During the 2016 residency matching process, the National Resident Matching Program (NRMP) monitored the outcomes for all graduates of foreign medical schools. Specifically, they kept track of match success, specialty preference, ranking information, and applicant characteristics. The data they collected provides valuable information for future applicants. If you are a foreign medical graduate looking to apply to a U.S. medical residency program in the future, there are several key lessons that you can take away from the NRMP report.
Program Ranking Choices: The More the Better
The NRMP report can be particularly helpful if you are a foreign medical graduate trying to figure out how to best to rank programs on your application. According to the NRMP, foreign medical graduates who were successful in matching to their preferred specialty were more likely to have ranked a larger number of programs within their preferred specialty. Specifically, the NRMP reports that, on average, foreign medical graduates who were matched had longer lists of contiguous ranks than those who were not — 6.3 continuous ranks for matched foreign medical graduates, as compared to only 2.5 for those who were not matched.
As a foreign medical graduate, you might be tempted to limit the number of programs you rank within your top-choice specialty area and add a greater number of programs in non-preferred specialty areas that you think will be easier to get into. While the NRMP does recommend applying to a mix of competitive and less-competitive programs, the data suggests that applying to more programs within your specialty area of interest could increase the odds that you will be matched at all.
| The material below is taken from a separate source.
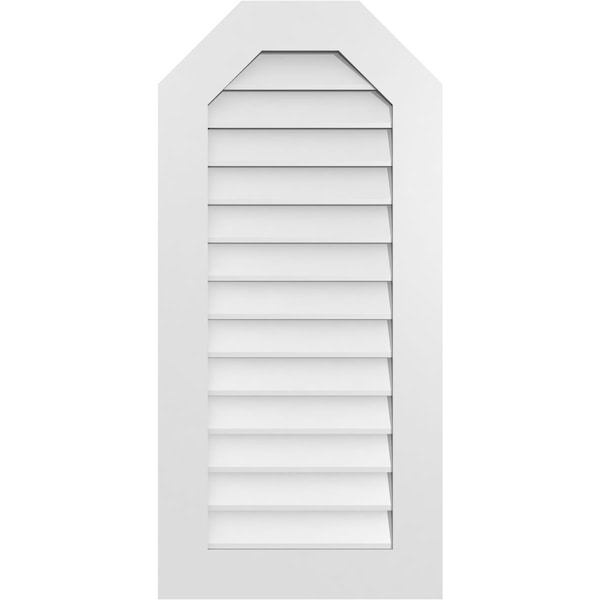Octagonal Top Surface Mount PVC Gable Vent w/ 3-1/2"W x 1"P Standard Frame, 20"W x 42"H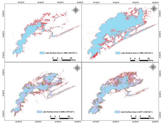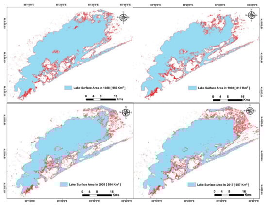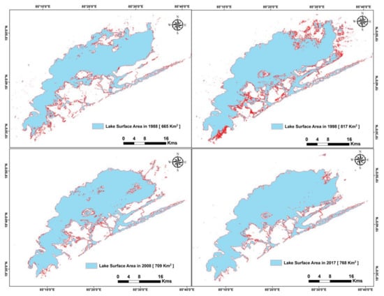 Chilika Lake surface area change maps using Max. method between 1988 and 2017.

Instead of spending your time trying to locate the less-competitive programs, you should focus on polishing your application show that it demonstrates that you are truly passionate about the your top-choice specialty area.
At the same time, if you do plan to apply to a particularly competitive specialty, it can be helpful to identify an alternative specialty and rank your preferred programs within that specialty area, according to the NRMP. Based on the data, whether or not you choose to do this will probably not have a significant effect on your odds of getting matched. The mean number of distinct specialties ranked by foreign medical graduates who got matched in 2016 was 1.3, whereas the mean was 1.4 for those who were not matched — practically no difference at all. So you shouldn’t be worried that identifying an alternative specialty will reduce your odds of getting matched.
The Importance of Test Scores
Another key takeaway from the NRMP report is that there are two tests that can make a significant difference in determining whether or not you get matched: the USMLE Step 1 and the USMLE Step 2 CK. For both of these exams, the average score for foreign medical graduates who were matched was substantially higher than the average for those who were not matched. It is also important to note that, among the foreign medical graduates who were matched, those who matched to their preferred specialties had higher scores, on average, than those who matched to programs in non-preferred specialty areas.
On the USMLE Step 1, the mean score for foreign medical graduates was 233.8, with a standard deviation of 17.0. The NRMP notes that this is “well above” the minimum passing score in 2016, which was 192. Similarly, on the USMLE Step 2 CK, the mean score for foreign medical graduates was 238.8, with a standard deviation of 15.6. Again, this was considerably higher than the 2016 minimum passing score of 209.
Looking at this data, there are a few key lessons for foreign medical graduates. Most importantly, it makes sense to dedicate a lot of time and energy to studying for the USMLE Step 1 and USMLE Step 2 CK exams. However, if your scores aren’t as high as those reported above, don’t despair! The data are all based on averages, and there are lots of other places in your application where you can make up for a lower score and show that you are ready for success in a US medical residency program.
Also, even though the data shows that the USMLE Step 1 and Step 2 CK can significantly impact the matching process for foreign medical graduates, you should not forget the importance of the USMLE Step 2 CS. It may not play as large a role on your application, but it is still considered by application readers. Moreover, it is essential for ECFMG certification, so you need to make sure you are ready to pass when test day arrives. Similarly, if you make the choice to take the USMLE Step 3 before you begin your residency, you need to make sure that you are well-prepared so that your score reflects your knowledge and abilities in the field of medicine.